Древние книги, глухие предания, опыт мага, немало поработавшего с мертвыми телами, подготовили его и настроили на вполне определенный результат. Повторив заговор трижды, он приблизился к центру звука, единого и многоголосого, и ожидал при последнем, самом великом и эффектном повторе увидеть перед собой въяве двойной образ: совершенно мертвое тело и совершенно свободную душу. Они должны были находиться в одном месте, но отчетливо разделенные, а с последним повтором перевернутого Имени должны были разделиться еще сильнее, но так, чтобы и душа и тело остались в его распоряжении, в полном и безоговорочном подчинении его воле. Надлежало разделить их, не нарушив единства, чтобы одна ушла, а другое — осталось, не нарушив в момент разделения духовной связи между ними и тем самым закрепив ее навечно. Он экспериментировал с мертвыми, но только с недавно скончавшимися, и иногда у него что-то получалось, хотя и ненадолго. В этот раз все должно было быть иначе. Он ожидал увидеть двойной образ, и он его узрел: Бетти и кого-то еще. Но, вот беда, этого другого он никогда прежде не видел.

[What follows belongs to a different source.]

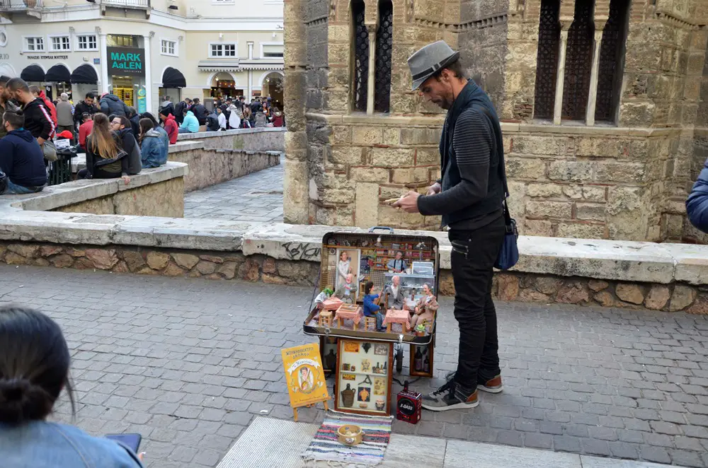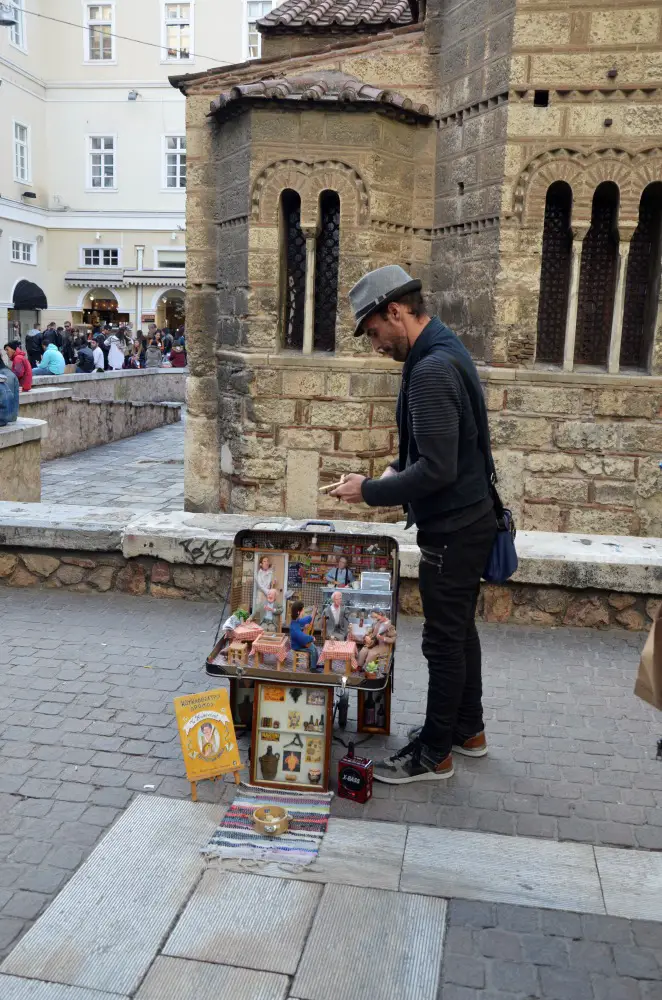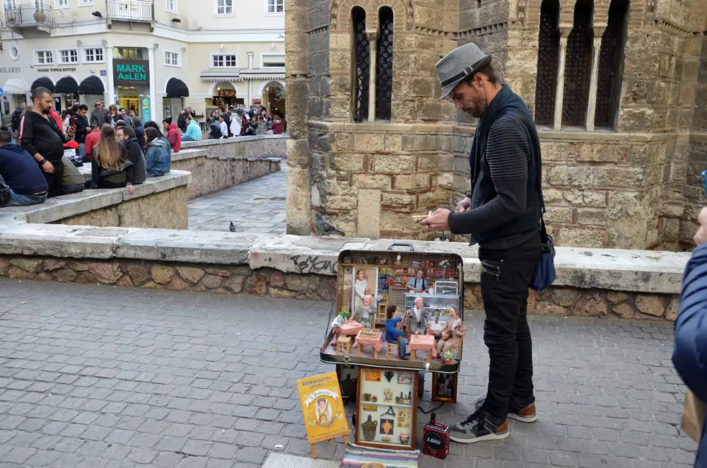 Bouzouki in der Taverne? Ja klar, schon oft erlebt. Aber hier handelt es sich um ein Puppenspiel. Standort ist vor der Kapnikarea-Kirche an der Athener Ermou Straße. Ein sehr anziehender Platz in der griechischen Hauptstadt. Auch den drei hölzernen Musiker im Köfferchen scheint dieses Plätzchen hier zu gefallen: Sie spielen fleißig vor interessiertem Publikum. Ob letztlich wohl genug Münzen zusammen kommen, damit sie sich am Abend auch ordentlich etwas in der Taverne bestellen können? Das bleibt abzuwarten: Die Zeiten für Straßenkünstler sind nicht eben rosig.
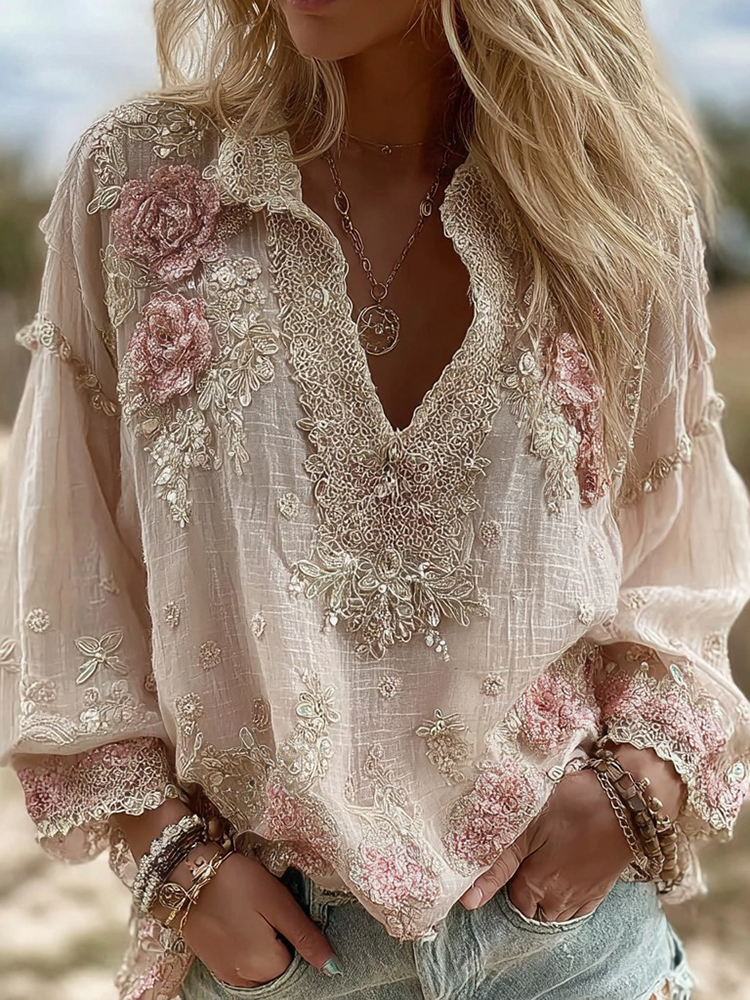 Women's Rose Embroidery Art V-neck Short Sleeve Linen Blend Shirt

Будь это одно из тех случайных созданий, вроде того, в прихожей, оно не застало бы его врасплох, как и любой другой странный обитатель бестелесного мира. Он знал, что если позволит себе удивление, то оно может стать роковым для него, потому что в момент наивысшего напряжения маг оказывается незащищенным, открытым для любой атаки. Храбрости ему было не занимать; его не испугал бы любой образ, высокий или низкий, херувим или могучий демон. По крайней мере, он думал так, и, наверное, был прав. Но не было ни херувима, ни демона. Он видел двух спящих девушек попеременно, они просвечивали одна через другую. И они были совершенно разными. Мало того, когда он попытался разделить их, подвергнуть это потрясающее соединение анализу и подчинить своей воле, то понял, что именно спящая незнакомка лежит тихо, в полном изнеможении и с закрытыми глазами, а Бетти спит самым здоровым сном за всю свою жизнь — свежая, умиротворенная, с улыбкой на губах. Она заговорила так невнятно и неожиданно, что он не уловил слов, и вот теперь, когда он почти собрал всю свою волю в единый кулак, готовясь произнести перевернутое Имя, в самом средоточии великого слова возник другой звук.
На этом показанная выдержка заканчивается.